Does this "0" mean the primer is no longer in the sequence? Could it be a problem due to the file being zip?

So I should use --p-trim-left-f and --p-trim-left-r for this, right? The tutorial “Atacama soil microbiome” tutorial — QIIME 2 2022.2.0 documentation says they are not going to trim the ends of the sequences and uses --p-trunc-len- 150 (which is the full length of the reads). But I have seen on the forum researchers who were not truncating either using --p-trunc-len- 0. Should the integer refer to the number of nts being trimmed, like this:

--p-trim-left-f 10
--p-trim-left-r 10

or should it refer to the position where the cut is supposed to be made:

--p-trim-left-f 295
--p-trim-left-r 195

You need to unzip the fastq file. If the primer sequence, 'CCTACGGGRSGCAGCAG', is for the forward reads, you can try running:

gunzip 210511155290-1-2-1_S366_L001_R1_001.fastq.gz
head -n 20 210511155290-1-2-1_S366_L001_R1_001.fastq | grep -x '[CCTACGGGRSGCAGCAG]+'

If the primer has not been trimmed from your raw data, you shall see sequence printed on the terminal.

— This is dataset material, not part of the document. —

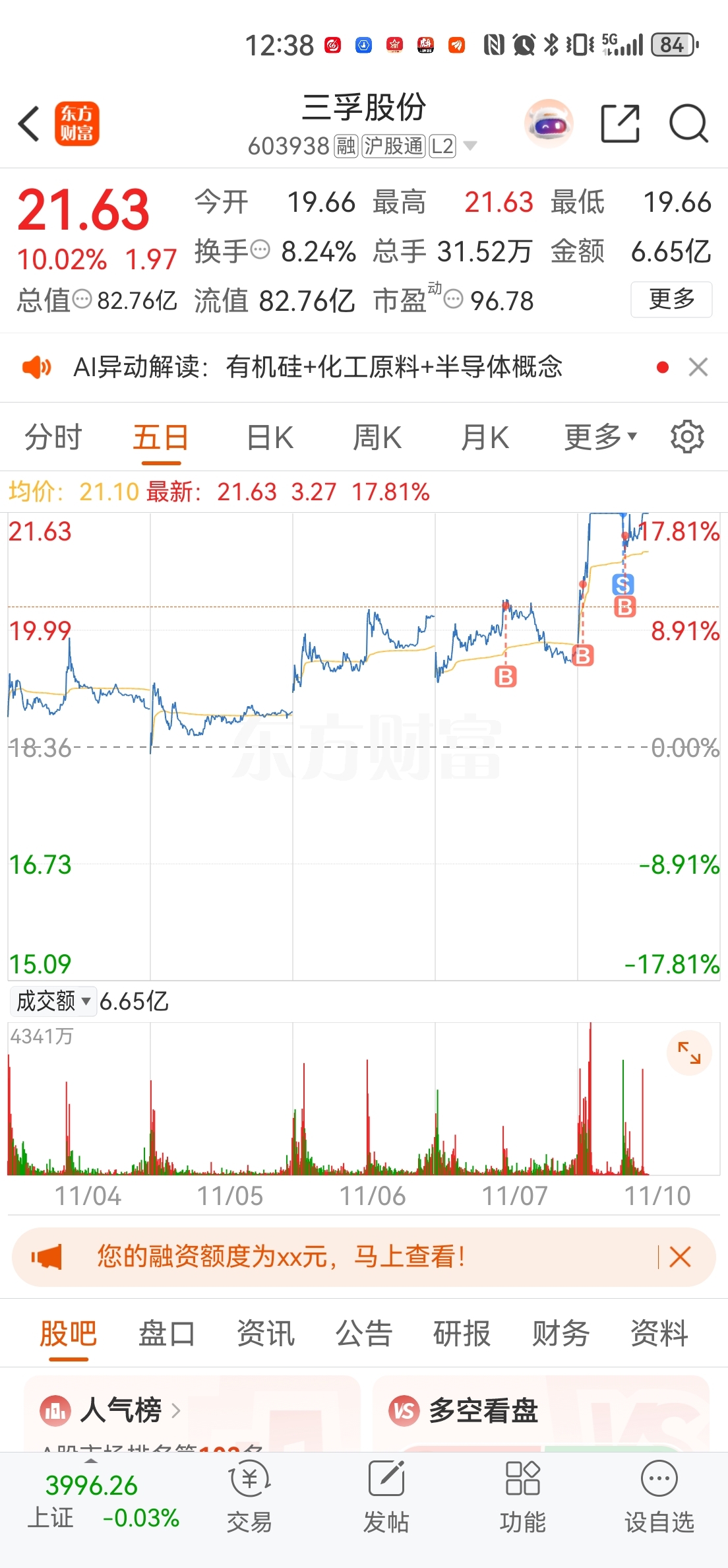 $三孚股份(SH603938)$ 快开板时候卖了,21.32感觉承接很好又接回来了,明天有肉吃吗

No. You should use --p-trunc-len-f/--p-trunc-len-r to trim sequences at the tail, or the 3' end. For example, the following code trims your forward reads at position 295 and reverse reads at position 195:

--p-trunc-len-f 295
--p-trunc-len-r 195

You can use the read length here if you don't want to trim the 3' end sequence.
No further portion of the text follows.